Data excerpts
● ● ● ● ● ● ●

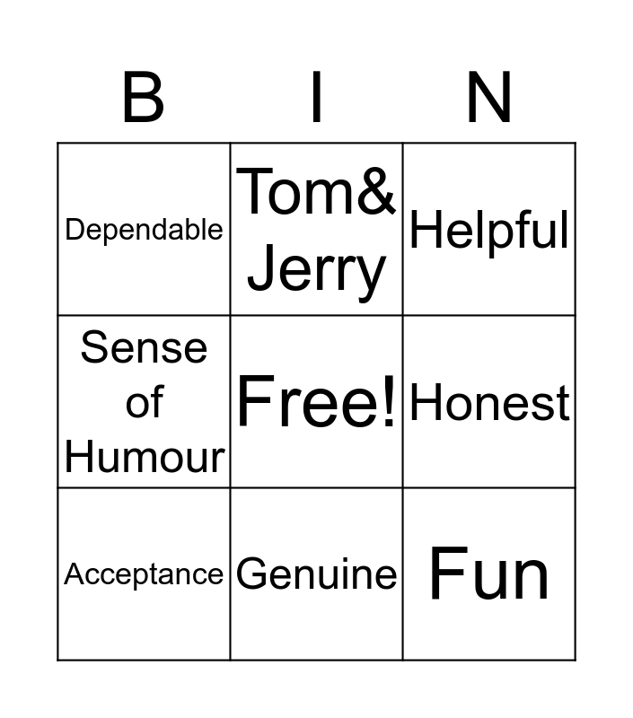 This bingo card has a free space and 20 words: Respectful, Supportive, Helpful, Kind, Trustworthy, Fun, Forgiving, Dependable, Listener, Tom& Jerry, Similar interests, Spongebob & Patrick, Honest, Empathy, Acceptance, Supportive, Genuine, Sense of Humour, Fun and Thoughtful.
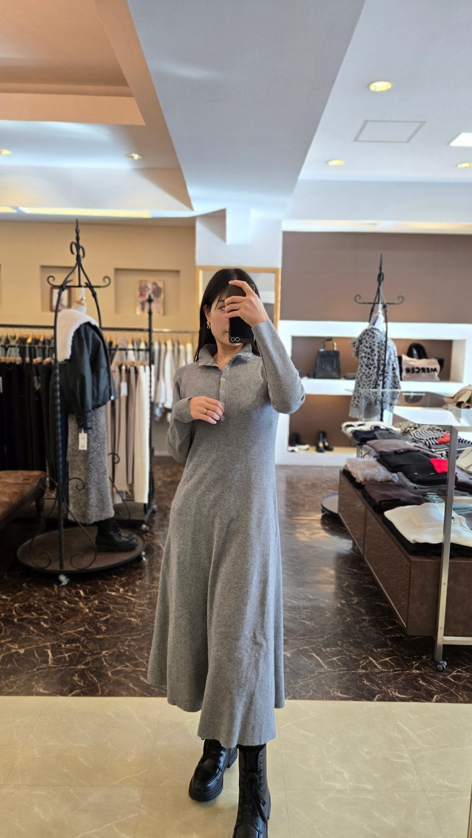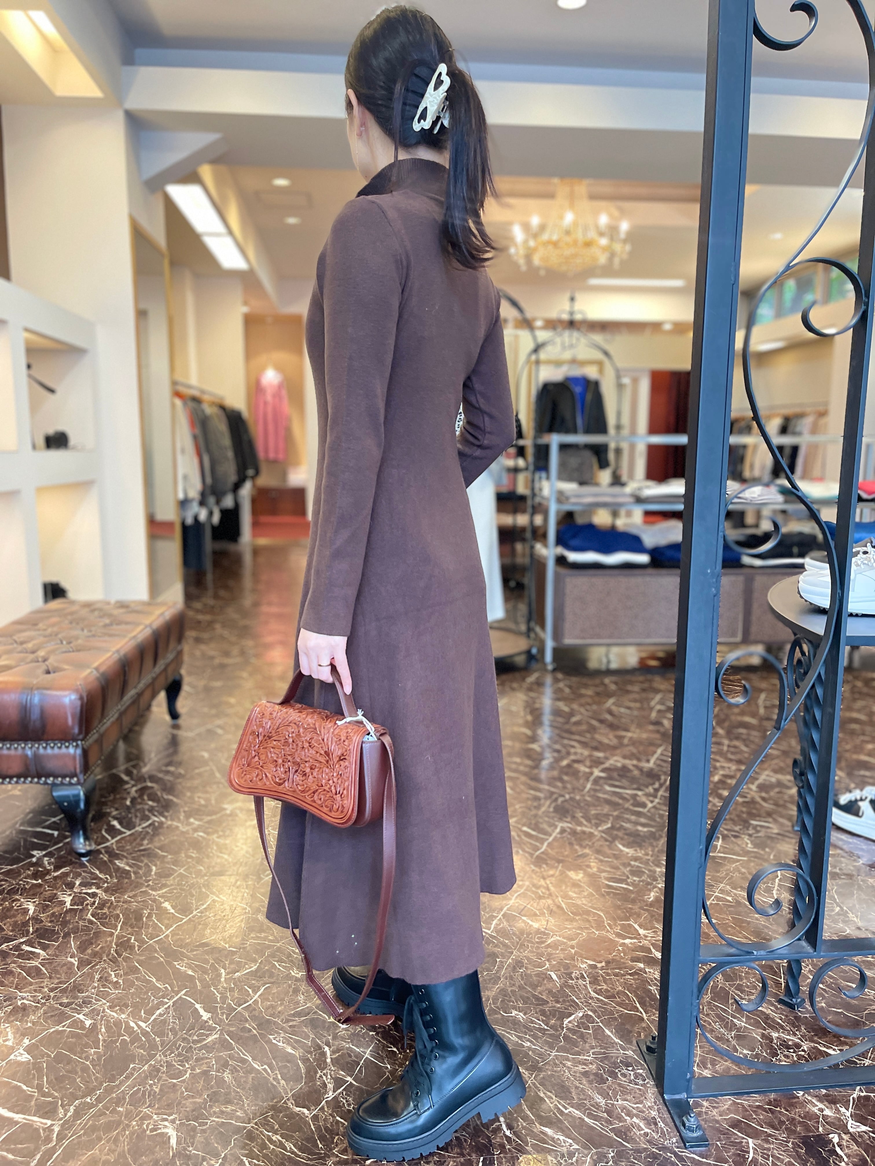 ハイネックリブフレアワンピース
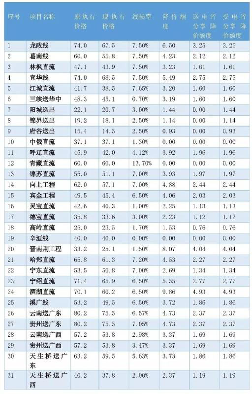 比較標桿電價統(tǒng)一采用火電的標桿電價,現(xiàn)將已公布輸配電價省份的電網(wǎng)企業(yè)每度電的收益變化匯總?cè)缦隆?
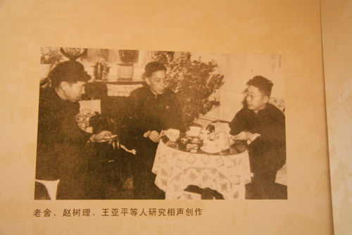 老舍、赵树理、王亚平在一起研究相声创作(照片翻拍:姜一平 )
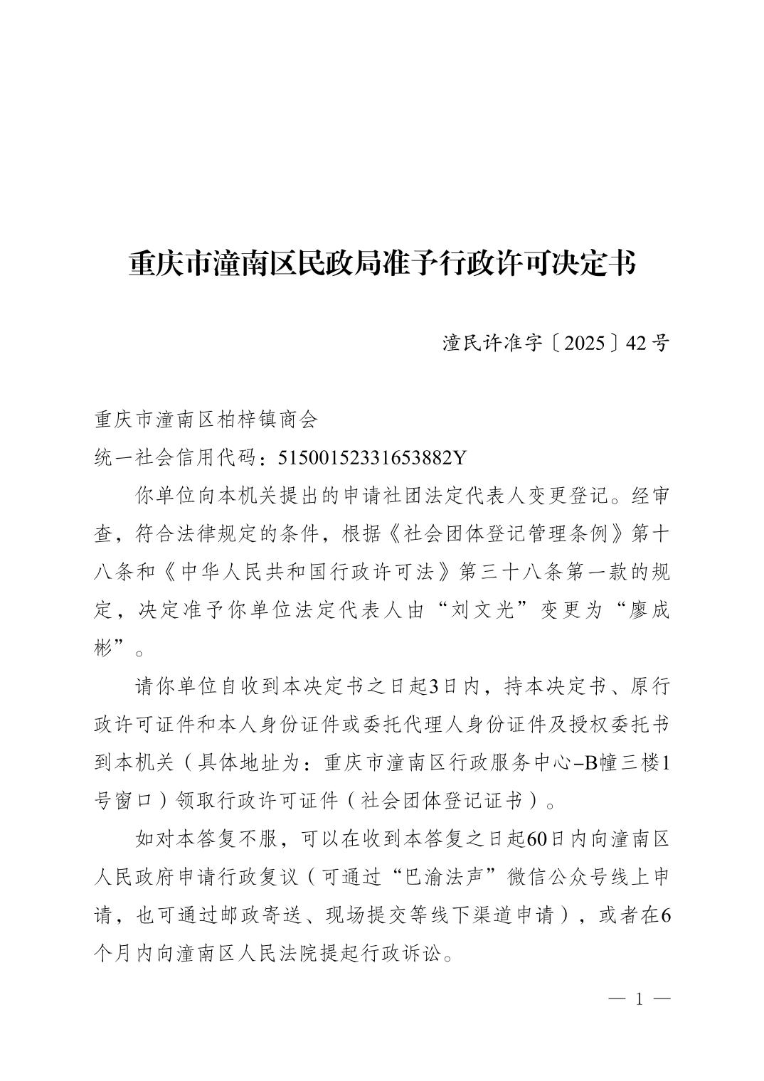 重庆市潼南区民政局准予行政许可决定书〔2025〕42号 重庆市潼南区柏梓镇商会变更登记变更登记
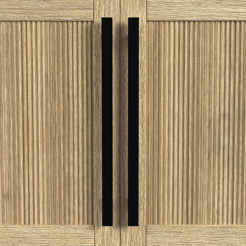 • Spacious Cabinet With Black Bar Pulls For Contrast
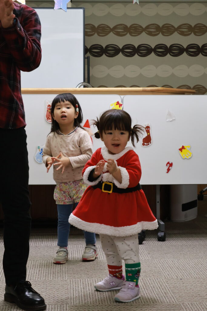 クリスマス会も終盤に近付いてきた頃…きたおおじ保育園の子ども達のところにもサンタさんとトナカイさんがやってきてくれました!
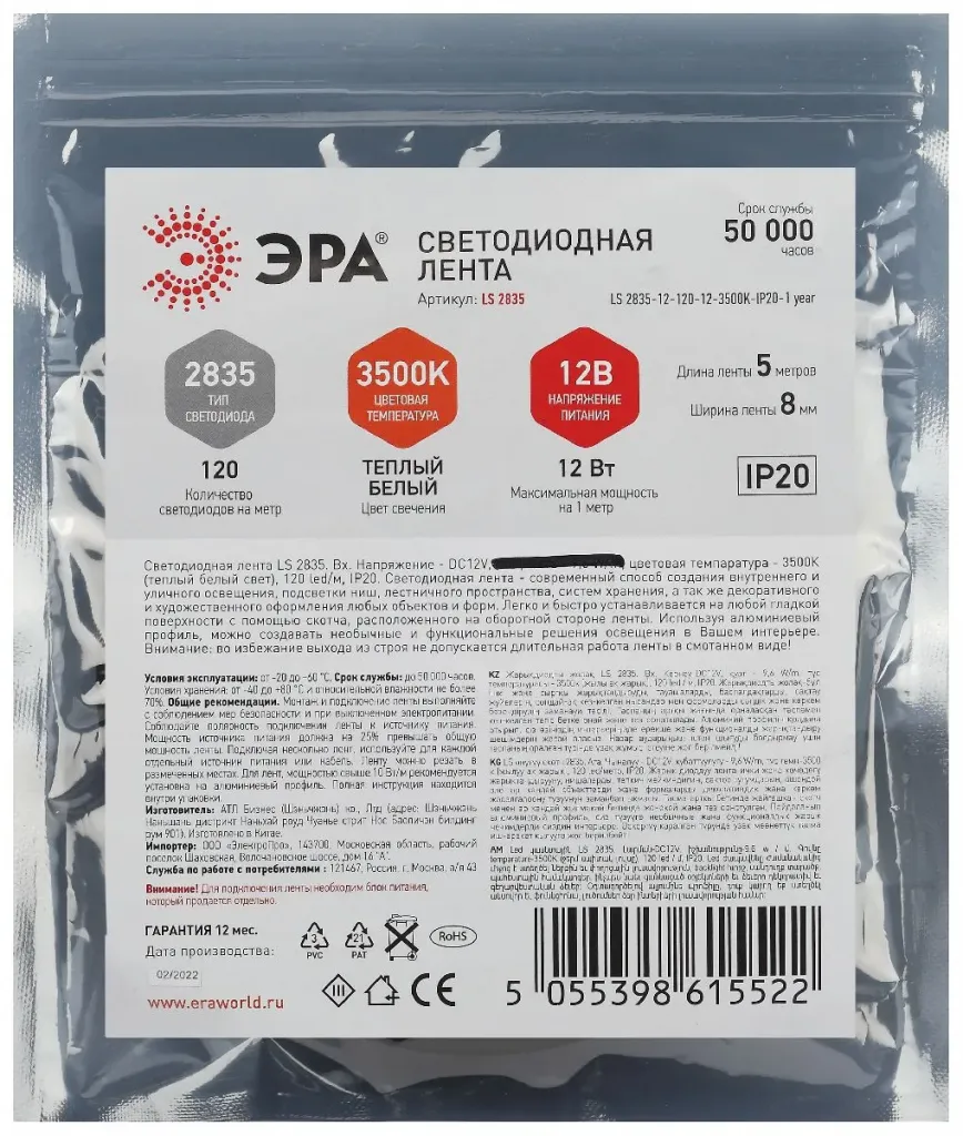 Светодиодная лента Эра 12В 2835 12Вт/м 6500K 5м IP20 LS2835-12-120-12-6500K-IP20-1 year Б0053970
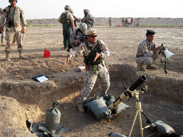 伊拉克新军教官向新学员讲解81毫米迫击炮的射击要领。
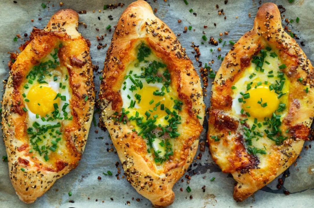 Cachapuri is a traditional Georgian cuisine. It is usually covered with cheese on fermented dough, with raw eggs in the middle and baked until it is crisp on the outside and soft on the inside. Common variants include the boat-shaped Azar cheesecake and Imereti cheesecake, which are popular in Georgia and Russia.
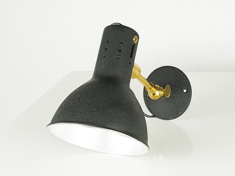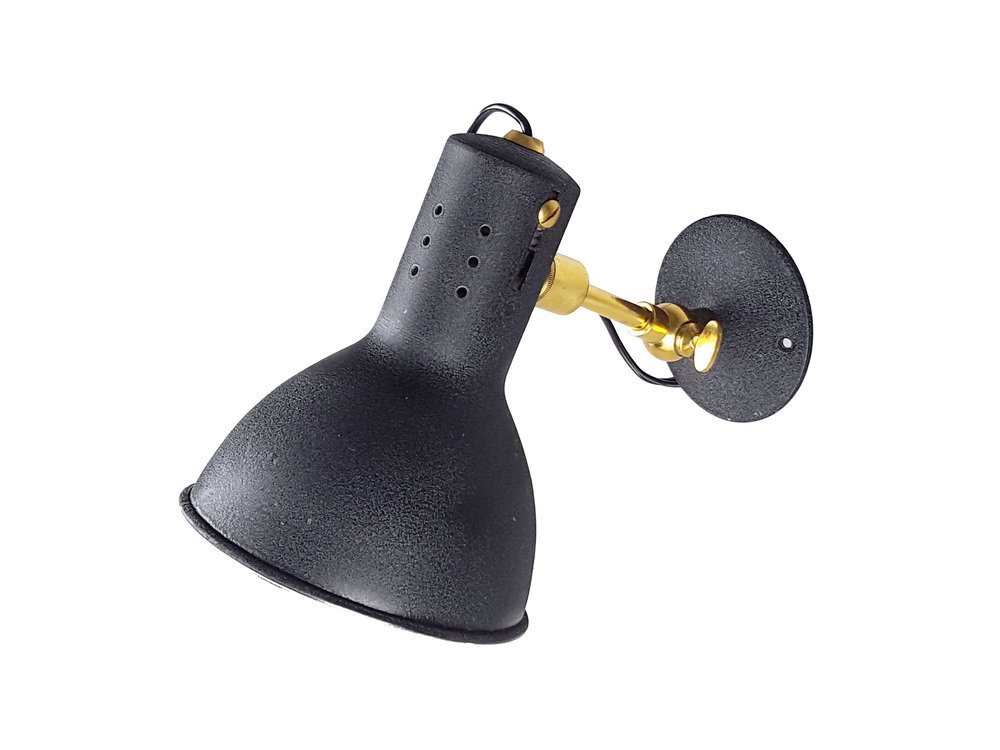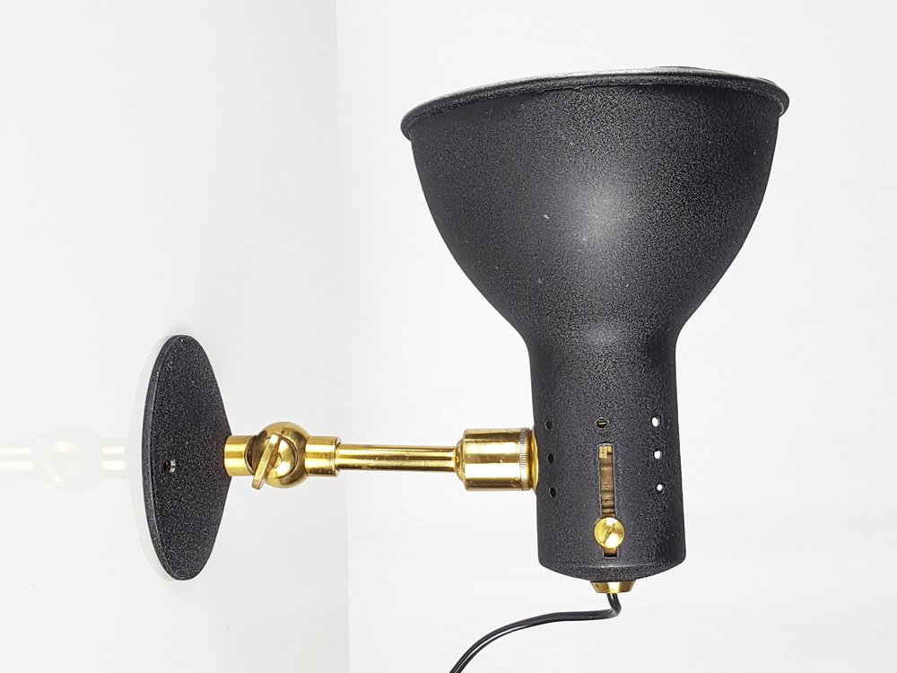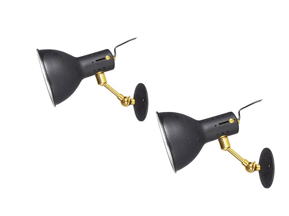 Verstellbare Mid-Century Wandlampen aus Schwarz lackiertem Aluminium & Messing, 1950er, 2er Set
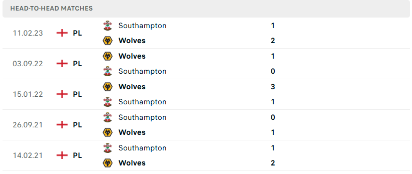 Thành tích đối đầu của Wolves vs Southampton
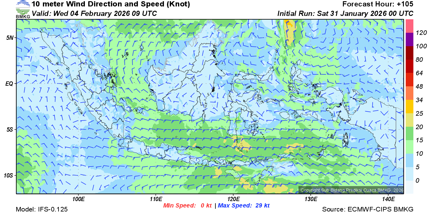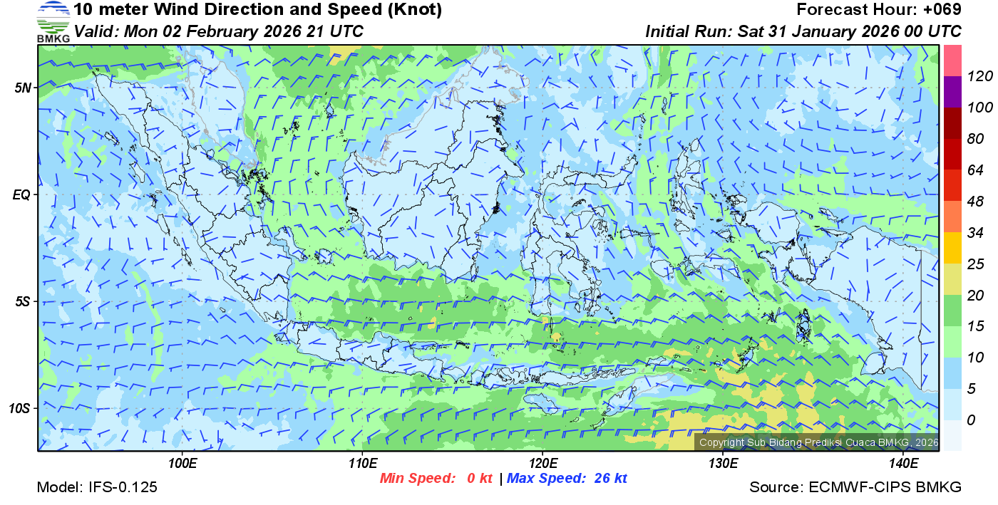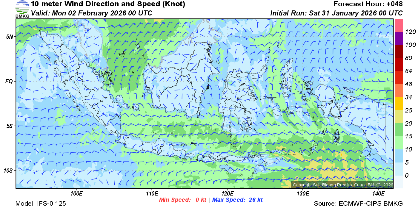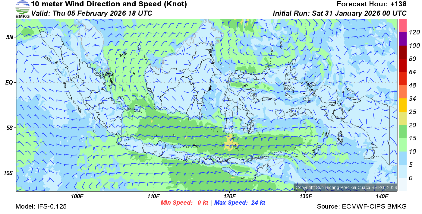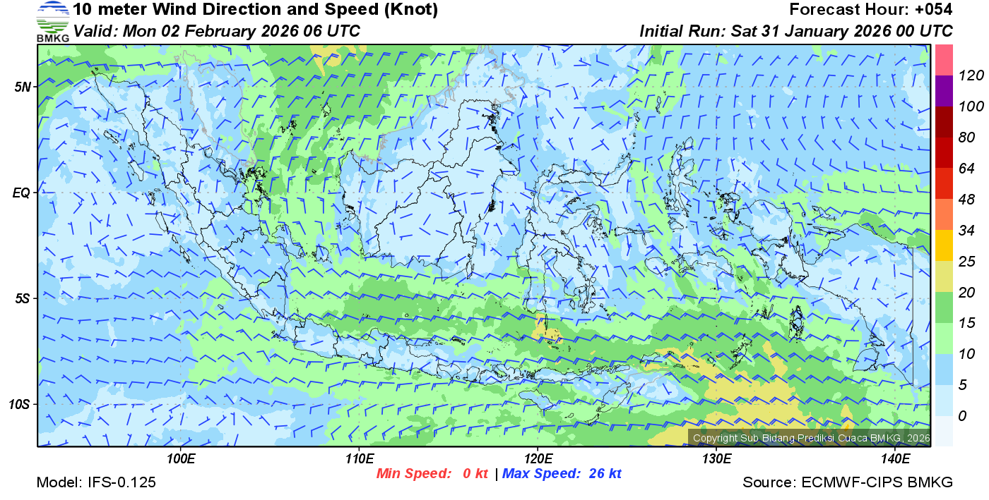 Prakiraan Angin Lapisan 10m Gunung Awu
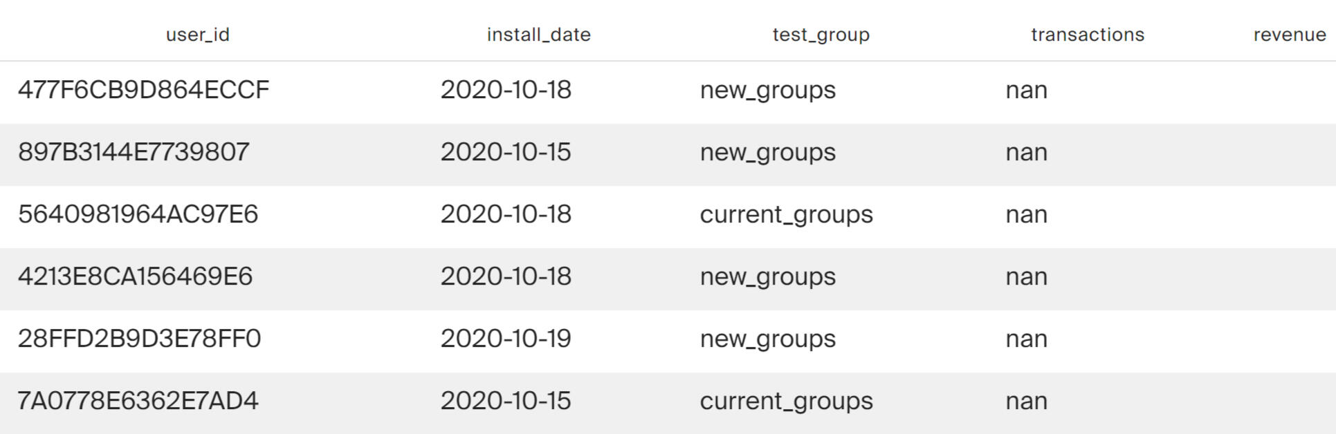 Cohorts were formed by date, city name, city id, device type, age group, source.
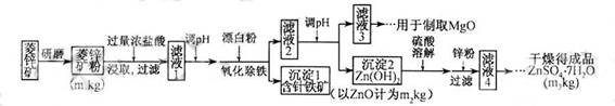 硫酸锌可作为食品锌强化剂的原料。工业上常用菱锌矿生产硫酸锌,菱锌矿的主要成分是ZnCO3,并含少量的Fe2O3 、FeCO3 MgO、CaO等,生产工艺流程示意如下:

● ● ● ● ● ● ●

| REQUIRED WORK |
Output, line for line and exactly, the records above from their first line through the one with "老舍、赵树理、王亚平在一起研究相声创作(照片翻拍:姜一平 )", both ends included, but no pictures.

| EXERCISE OUTPUT |
 This bingo card has a free space and 20 words: Respectful, Supportive, Helpful, Kind, Trustworthy, Fun, Forgiving, Dependable, Listener, Tom& Jerry, Similar interests, Spongebob & Patrick, Honest, Empathy, Acceptance, Supportive, Genuine, Sense of Humour, Fun and Thoughtful.
 ハイネックリブフレアワンピース
 比較標桿電價統(tǒng)一采用火電的標桿電價,現(xiàn)將已公布輸配電價省份的電網(wǎng)企業(yè)每度電的收益變化匯總?cè)缦隆?
 老舍、赵树理、王亚平在一起研究相声创作(照片翻拍:姜一平 )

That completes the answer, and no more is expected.